Problem details
Word for word, retype the lines from the one containing "3月19日,在日本首都东京,日本首相鸠山" to the one containing "HUSĂ! - GUESS" below, keeping both end lines and dropping the pictures.

(Data extracted from a collection)

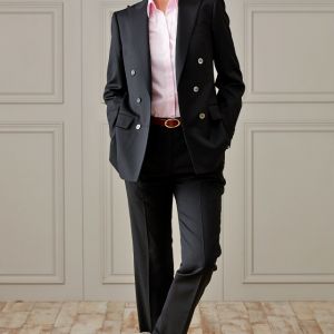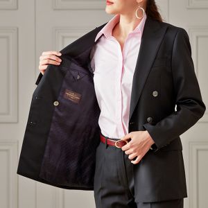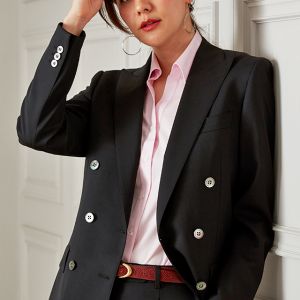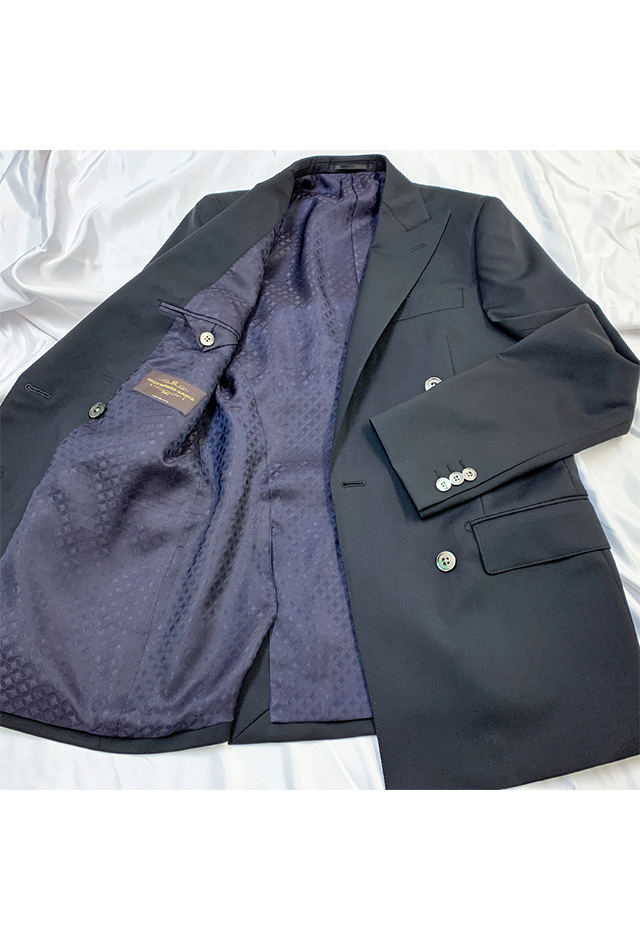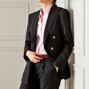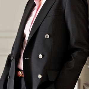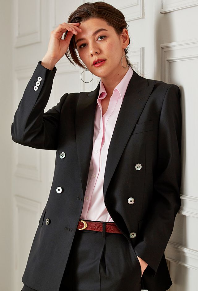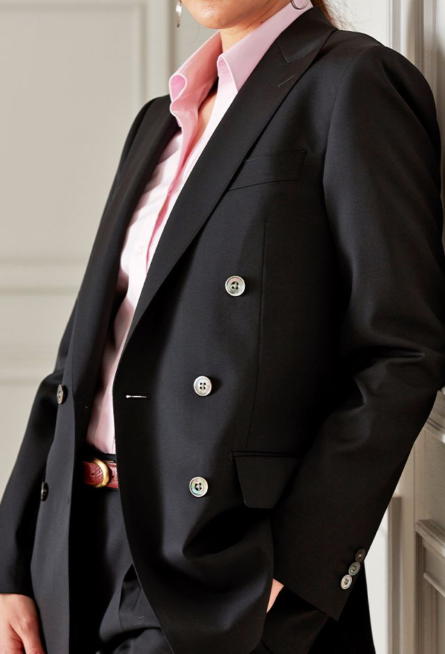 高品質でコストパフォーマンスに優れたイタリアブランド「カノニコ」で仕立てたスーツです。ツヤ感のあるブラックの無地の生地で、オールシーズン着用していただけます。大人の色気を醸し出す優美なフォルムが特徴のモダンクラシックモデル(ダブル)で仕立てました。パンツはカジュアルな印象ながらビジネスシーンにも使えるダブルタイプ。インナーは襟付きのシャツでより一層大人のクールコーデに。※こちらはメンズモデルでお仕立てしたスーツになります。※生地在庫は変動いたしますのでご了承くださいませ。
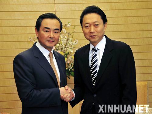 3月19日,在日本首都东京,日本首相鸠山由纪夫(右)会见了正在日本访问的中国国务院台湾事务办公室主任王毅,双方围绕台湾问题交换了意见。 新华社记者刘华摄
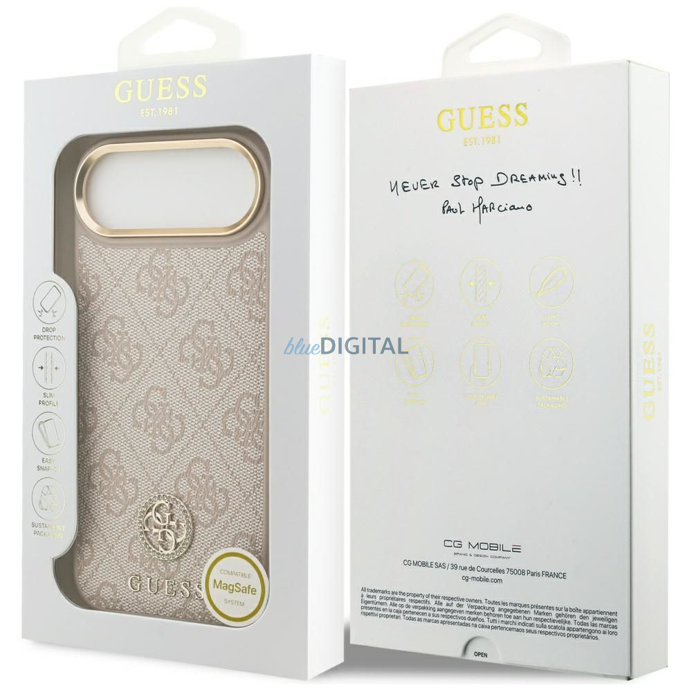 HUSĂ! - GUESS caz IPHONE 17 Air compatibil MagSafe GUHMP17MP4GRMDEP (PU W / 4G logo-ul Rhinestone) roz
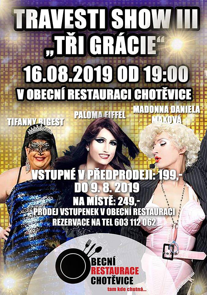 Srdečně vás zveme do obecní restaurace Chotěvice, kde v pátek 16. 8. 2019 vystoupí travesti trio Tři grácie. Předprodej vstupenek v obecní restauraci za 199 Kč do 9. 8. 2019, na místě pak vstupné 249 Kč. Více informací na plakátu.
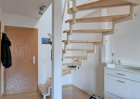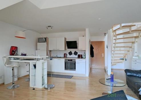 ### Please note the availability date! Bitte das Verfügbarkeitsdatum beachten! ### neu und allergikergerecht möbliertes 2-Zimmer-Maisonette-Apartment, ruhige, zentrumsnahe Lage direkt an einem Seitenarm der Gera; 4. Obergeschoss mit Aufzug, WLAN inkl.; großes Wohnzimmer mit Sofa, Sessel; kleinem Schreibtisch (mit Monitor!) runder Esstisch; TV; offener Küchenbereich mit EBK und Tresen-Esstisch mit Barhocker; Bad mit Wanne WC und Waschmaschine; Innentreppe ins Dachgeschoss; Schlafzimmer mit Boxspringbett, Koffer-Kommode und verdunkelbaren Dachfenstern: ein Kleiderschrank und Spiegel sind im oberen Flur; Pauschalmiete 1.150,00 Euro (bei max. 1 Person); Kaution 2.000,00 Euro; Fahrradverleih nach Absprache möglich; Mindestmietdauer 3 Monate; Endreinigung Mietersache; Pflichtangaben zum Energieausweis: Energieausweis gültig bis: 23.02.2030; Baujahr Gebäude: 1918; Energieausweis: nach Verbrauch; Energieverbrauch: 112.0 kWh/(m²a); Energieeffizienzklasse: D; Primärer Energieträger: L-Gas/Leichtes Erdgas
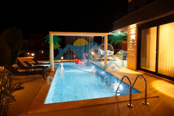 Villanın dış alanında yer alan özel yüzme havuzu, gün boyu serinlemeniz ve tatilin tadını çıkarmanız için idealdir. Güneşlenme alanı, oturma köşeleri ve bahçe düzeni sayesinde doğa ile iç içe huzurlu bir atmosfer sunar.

Written answer
 3月19日,在日本首都东京,日本首相鸠山由纪夫(右)会见了正在日本访问的中国国务院台湾事务办公室主任王毅,双方围绕台湾问题交换了意见。 新华社记者刘华摄
 HUSĂ! - GUESS caz IPHONE 17 Air compatibil MagSafe GUHMP17MP4GRMDEP (PU W / 4G logo-ul Rhinestone) roz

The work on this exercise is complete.